* Dataset extract *
┄┄┄┄┄┄┄┄┄┄

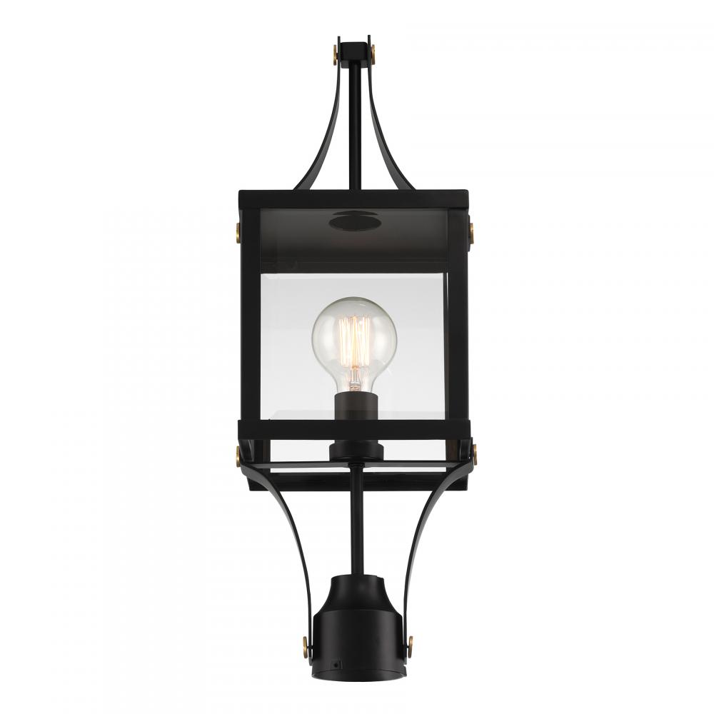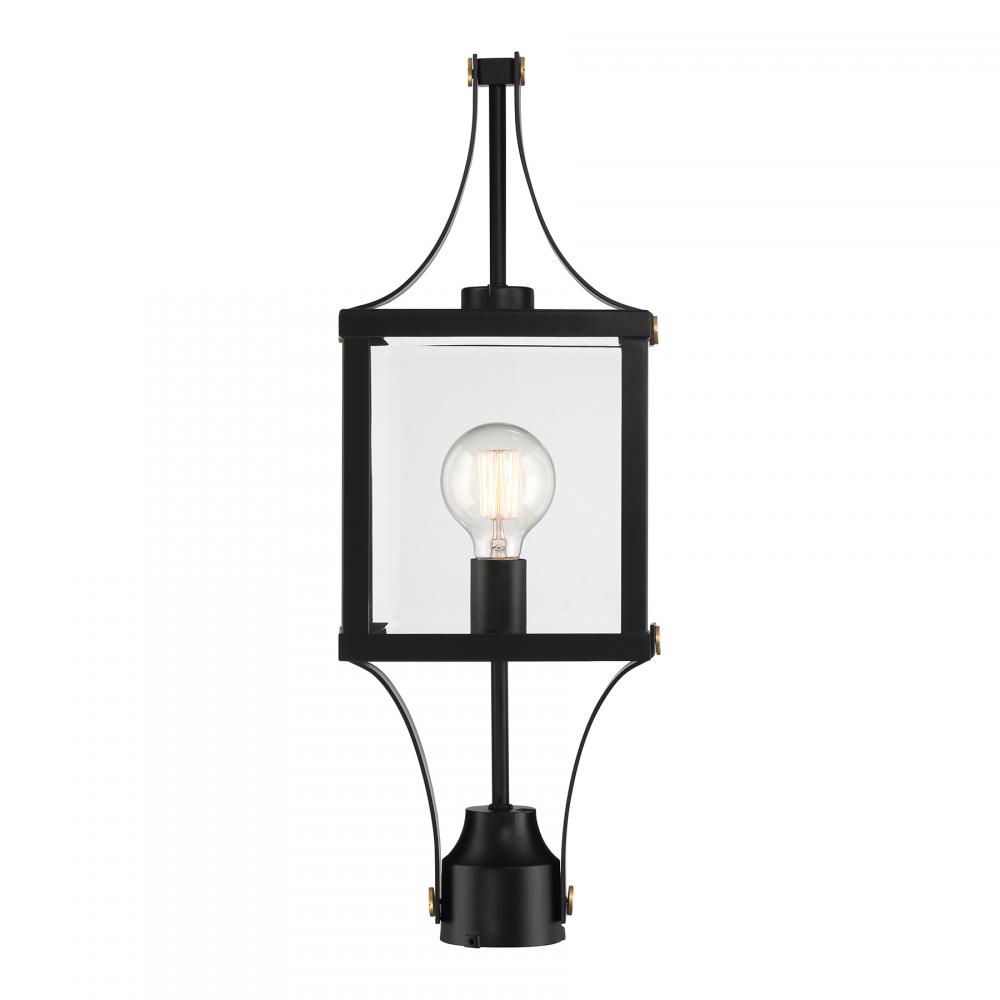 Make your outdoor lighting super fashionable with the Savoy House Raeburn 1-light outdoor post lantern. A central cube of beveled clear glass is surrounded by a boldly structured frame finished in Matte Black and adorned with thoughtful detailing in Weathered Brushed Brass. Raeburn is 23.5" in height and 8.5" in width. Uses one standard size bulb of up to 60 watts. The bulb is not included. Wet area rated.
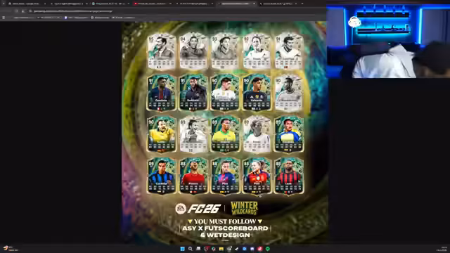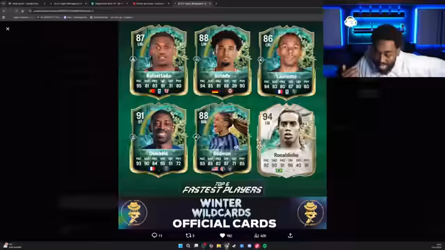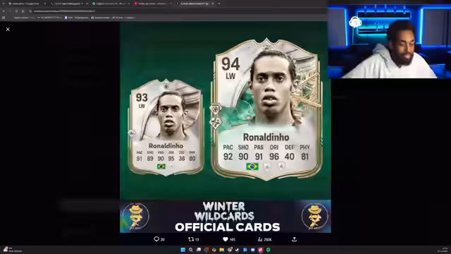 00:11:51Der Streamer beginnt mit der Ankündigung der Winter Wildcard-Promo und bezeichnet sie als krasseste Promo des Jahres, noch vor Black Friday. Er erwähnt offizielle Bestätigungen: Zur Interweight Card kommen zwei Playstyle Plus-Versionen, beginnend mit der Ronaldinho-Gaucho-Karte, die Technical und Finesse Playstyles erhält. Dies löst im Chat Panik aus, aber er betont, dass nur wenige Karten zwei Playstyles haben werden und die Promo trotzdem normal bleibt. Preisschätzungen für Ronaldinho liegen bei 15 Millionen Coins, was kaum erreichbar sein wird, während normale Karten nur einen Playstyle Plus erhalten.
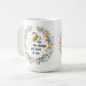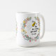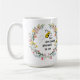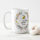 Start the day off right and with motivational thinking whenever you utilise this beautiful wildflower wreath coffee mug that also features a bee doodle with inspirational messaging: "bee the change you want to see".

┄┄┄┄┄┄┄┄┄┄

* Problem to work on *
Restate word for word, please, the line containing "00:11:51Der Streamer beginnt" and all lines after it through the end of the material; the pictures do not belong in the copy.

* Solution for this problem *
 00:11:51Der Streamer beginnt mit der Ankündigung der Winter Wildcard-Promo und bezeichnet sie als krasseste Promo des Jahres, noch vor Black Friday. Er erwähnt offizielle Bestätigungen: Zur Interweight Card kommen zwei Playstyle Plus-Versionen, beginnend mit der Ronaldinho-Gaucho-Karte, die Technical und Finesse Playstyles erhält. Dies löst im Chat Panik aus, aber er betont, dass nur wenige Karten zwei Playstyles haben werden und die Promo trotzdem normal bleibt. Preisschätzungen für Ronaldinho liegen bei 15 Millionen Coins, was kaum erreichbar sein wird, während normale Karten nur einen Playstyle Plus erhalten.
 Start the day off right and with motivational thinking whenever you utilise this beautiful wildflower wreath coffee mug that also features a bee doodle with inspirational messaging: "bee the change you want to see".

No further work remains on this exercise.